[Data excerpts]
- - -
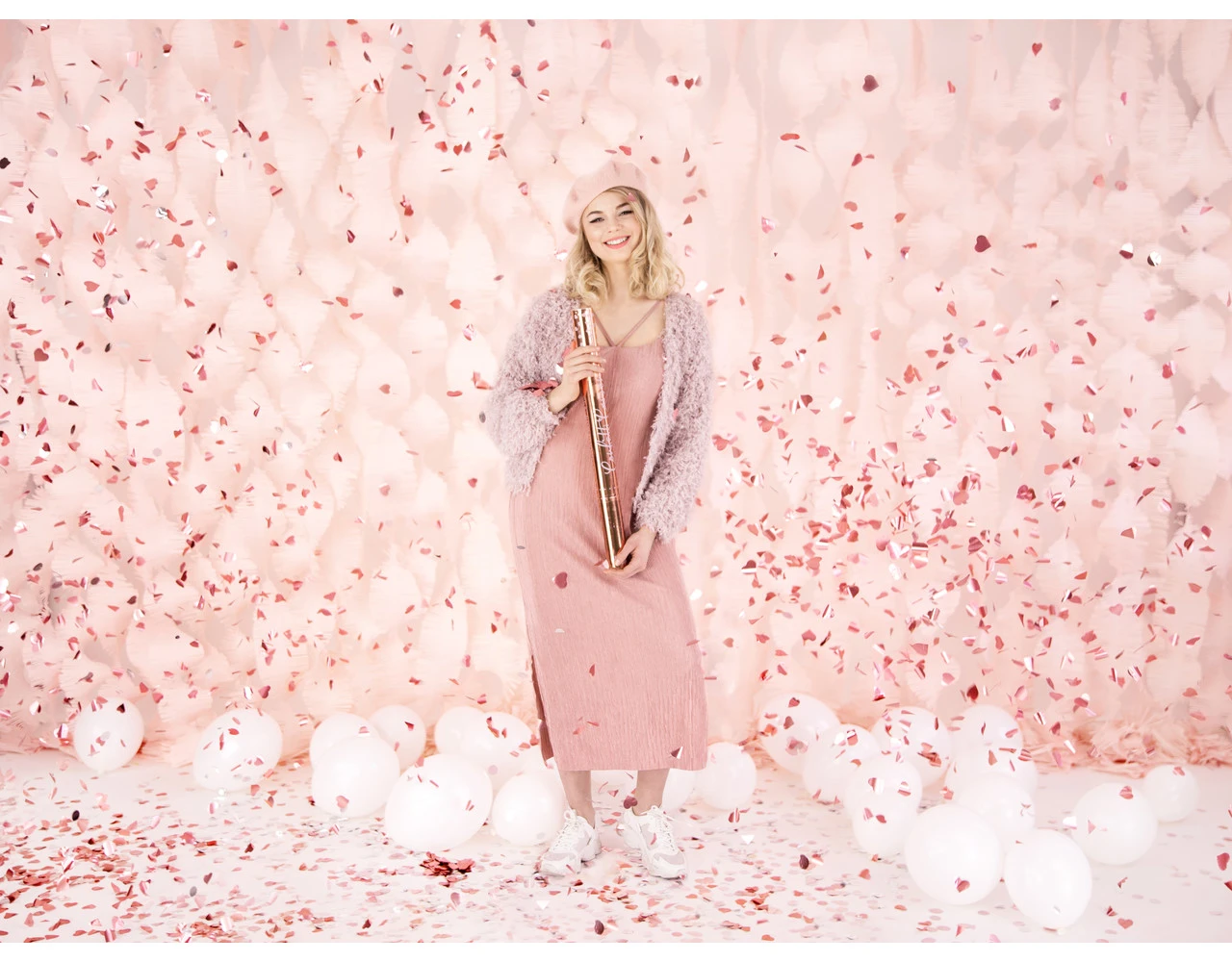 Inhoud: Confetti kanon schieten uit rose gold metallic harten, lengte ong. 60 cm.
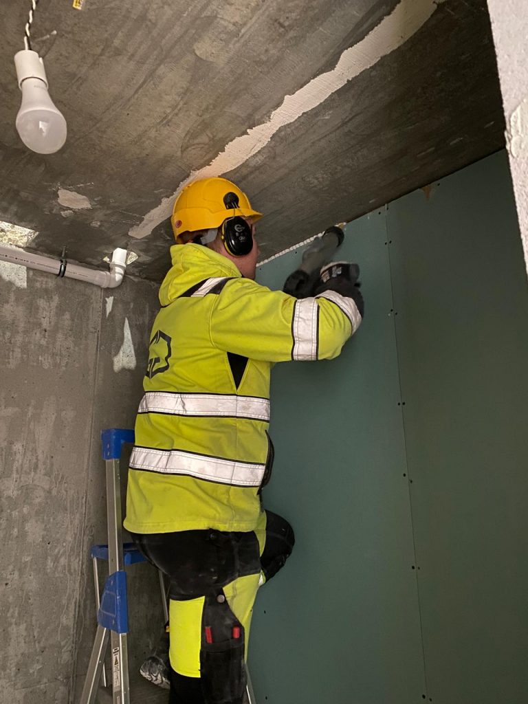 Hierbei mussten wir auch aufpassen das die Schrauben gut, aber auch nicht zu tief versenkt sind, da das die letzte Schicht der Wand ist. Für die Badezimmer haben wir in der zweiten Schicht wasserbeständigere Rigipsplatten verwendet. Als wir mit den Anschrauben der Rigipsplatten fertig waren, haben wir mit Acryl die Zwischenräume versiegelt.
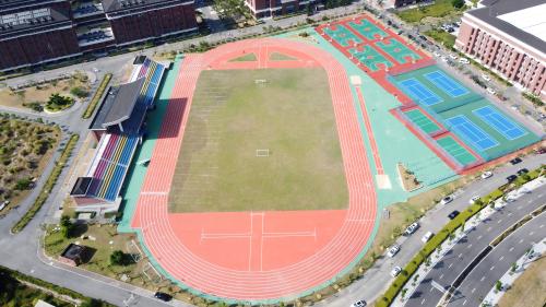 2024年由杭州宝力体育设施工程有限公司承建的温州医科大学洞头校区项目,含标准塑胶跑道、多彩看台及篮球场等,周边红砖建筑与绿化带相映,营造活力健康的校园氛围,满足多样化体育需求。
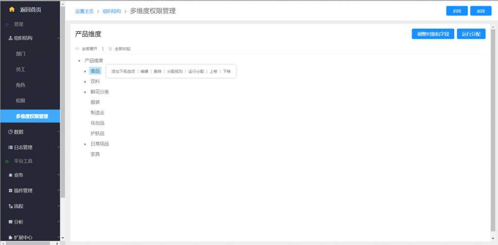 1)在后臺組織架構(gòu)-多維度權(quán)限管理,新建維度樹;創(chuàng)建時需指定適用對象(需要擴(kuò)展權(quán)限的對象)和規(guī)則字段(權(quán)限劃分的條件依據(jù))
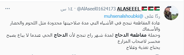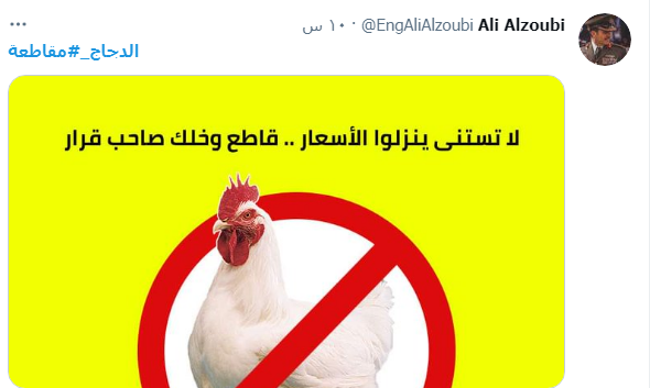 وطالب المواطنون عبر مواقع التواصل الاجتماعي لمقاطعة الدجاج اعتبارا من السبت، وذلك احتجاجاً على ارتفاع الأسعار غير المبرر.
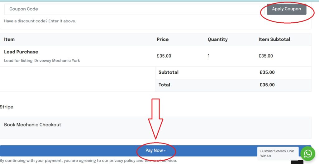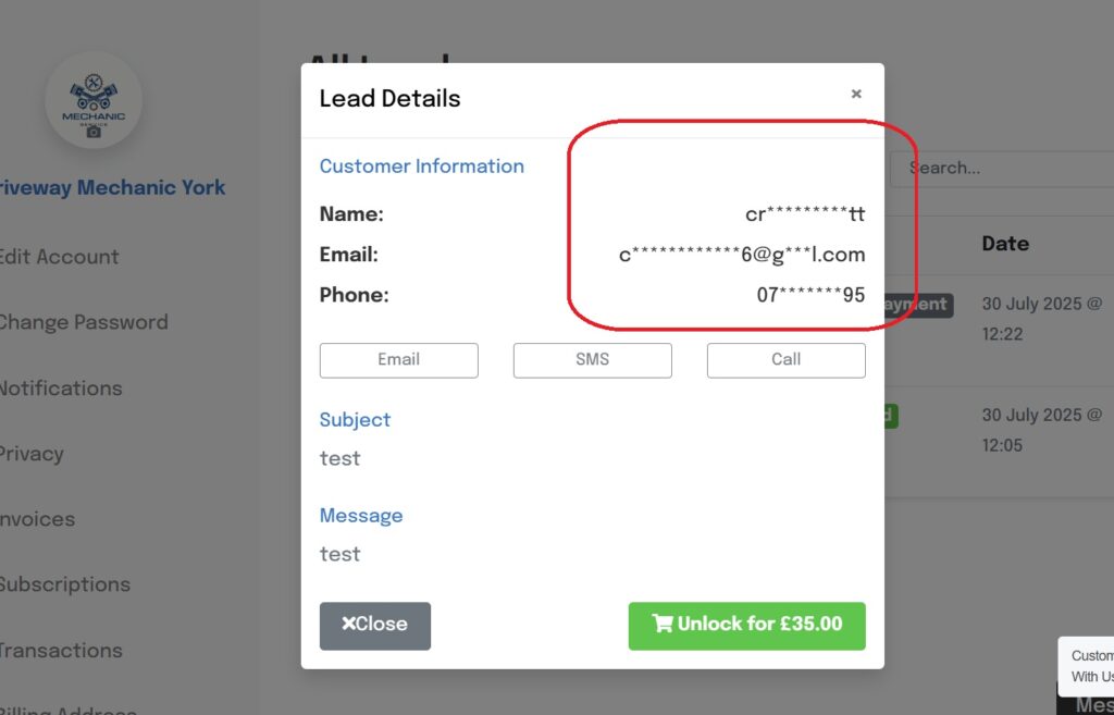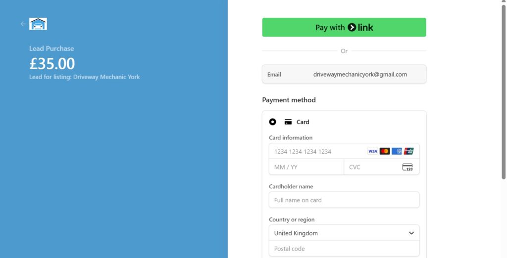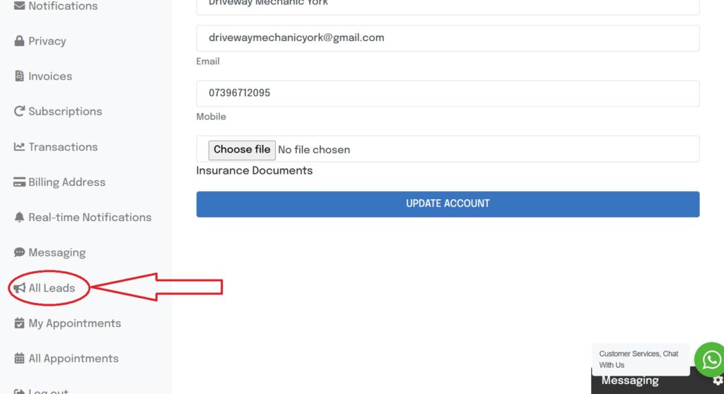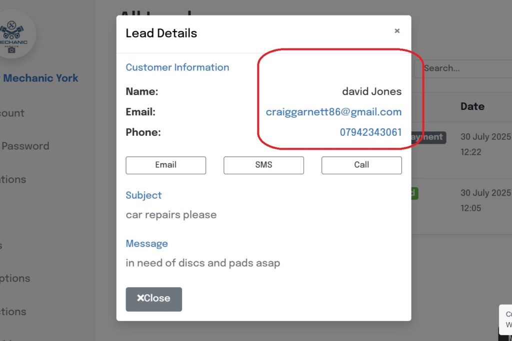 • Depending on your subscription level depends on the charge for each lead / cost for lead generation in your area. The top package lead generation form is normally Free with the subscription and some of the lower packages have a small charge working up-to pay as you-go for Free Mechanic Listings. example: Tip – Some area representatives may have access to a discount code!!
- - -
[What you will do]
All entries above must be printed again verbatim, with images excluded.

[Response]
 Inhoud: Confetti kanon schieten uit rose gold metallic harten, lengte ong. 60 cm.
 Hierbei mussten wir auch aufpassen das die Schrauben gut, aber auch nicht zu tief versenkt sind, da das die letzte Schicht der Wand ist. Für die Badezimmer haben wir in der zweiten Schicht wasserbeständigere Rigipsplatten verwendet. Als wir mit den Anschrauben der Rigipsplatten fertig waren, haben wir mit Acryl die Zwischenräume versiegelt.
 2024年由杭州宝力体育设施工程有限公司承建的温州医科大学洞头校区项目,含标准塑胶跑道、多彩看台及篮球场等,周边红砖建筑与绿化带相映,营造活力健康的校园氛围,满足多样化体育需求。
 1)在后臺組織架構(gòu)-多維度權(quán)限管理,新建維度樹;創(chuàng)建時需指定適用對象(需要擴(kuò)展權(quán)限的對象)和規(guī)則字段(權(quán)限劃分的條件依據(jù))
 وطالب المواطنون عبر مواقع التواصل الاجتماعي لمقاطعة الدجاج اعتبارا من السبت، وذلك احتجاجاً على ارتفاع الأسعار غير المبرر.
 • Depending on your subscription level depends on the charge for each lead / cost for lead generation in your area. The top package lead generation form is normally Free with the subscription and some of the lower packages have a small charge working up-to pay as you-go for Free Mechanic Listings. example: Tip – Some area representatives may have access to a discount code!!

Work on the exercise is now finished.